Una ghost-story che, curiosamente, ripropone tra le tante cose l’agghiacciante sequenza dell’ascensore di "The eye" (2002) di Danny e Oxide Pang, dal quale riprende anche la protagonista Lee Sinje, qui nei panni di una giovane donna alle prese con visioni spettrali mentre cerca di far luce sulla misteriosa morte del compagno, ricercatore marino.
Ma, nonostante le sequenze basate sull’entrata dei mostruosi fantasmi non lascino indifferente lo spettatore, forti anche di efficaci effetti sonori, Hark non sembra essere interessato a confezionare un elaborato di celluloide volto allo spavento, bensì un romantico racconto per immagini tinto di giallo ed al cui interno la funzione dei ritornanti è principalmente quella di lasciar emergere l’uguaglianza tra la solitudine dei vivi e quella dei defunti, bisognosi come i comuni mortali dell’affetto dei propri cari.

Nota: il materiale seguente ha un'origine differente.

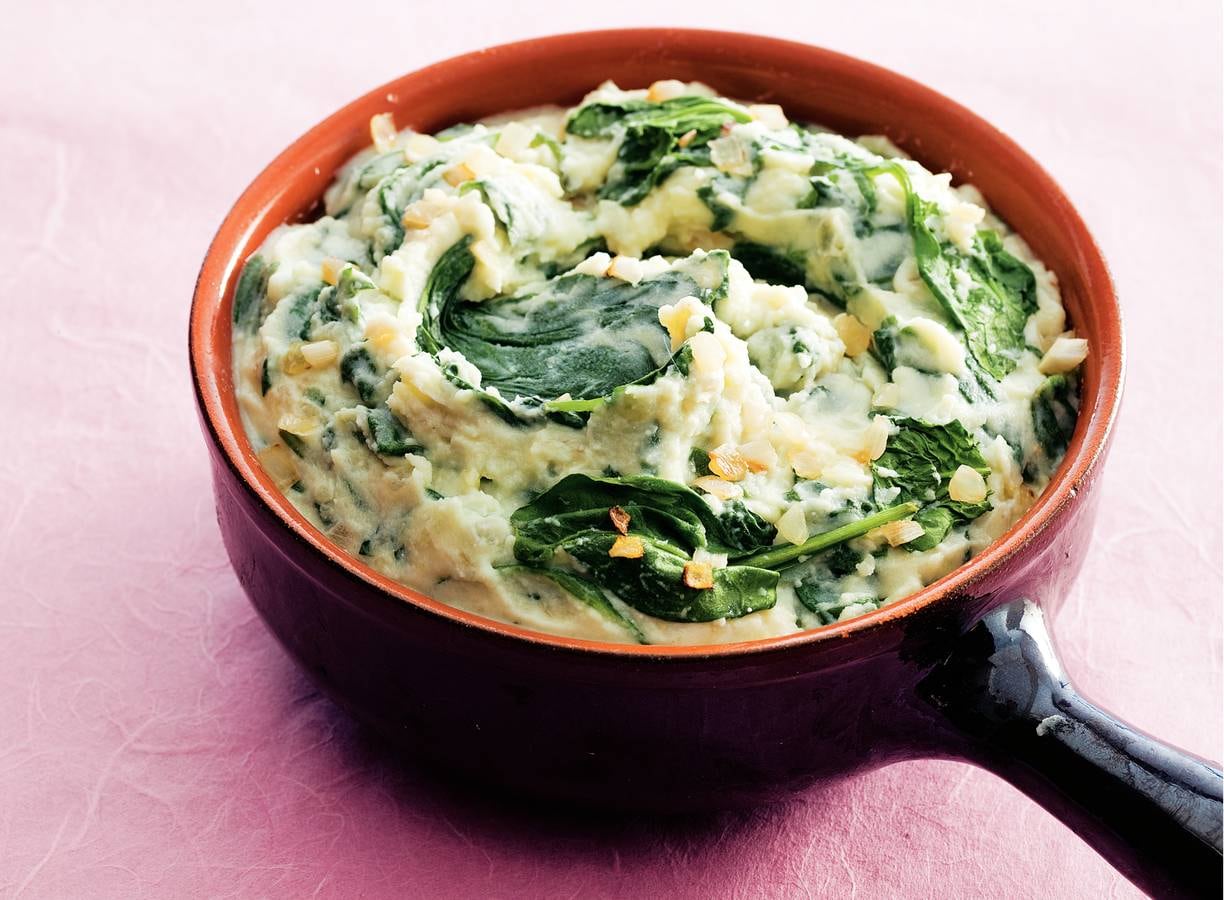 Giet de aardappelen af. Stamp met de pureestamper tot puree. Schep de spinazie erdoor en breng op smaak met peper, zout en de nootmuskaat. Lekker met een Toscaanse carré en tomatensalade.

E, al di là della consueta padronanza tecnica sfoggiata dal George Lucas dagli occhi a mandorla, che si avvale anche dell’ottima fotografia di Yoshitaka Sakamoto ("Summer among the zombies"), sono le belle musiche di Ricky Ho ("The legend of Zu") a rafforzare ulteriormente l’abbondante dose di poesia presente in un riuscito mix di generi costruito sui lenti ritmi di narrazione tipici del cinema del Sol Levante, il quale racchiude forse la sua unica pecca nei minuti di troppo che caratterizzano la parte finale.
Un riuscito mix che, attraversato anche da un certo messaggio ecologista e indirizzato a ribadire il luogo comune che vuole spesso noi stessi quale causa dei nostri mali, potrebbe quindi spingere il pubblico occidentale a storcere il naso, abituato a tutt’altra concezione di spettacolo e, soprattutto, ad una più superficiale visione dei sentimenti.
La frase: "Per chi è morto la morte non fa male".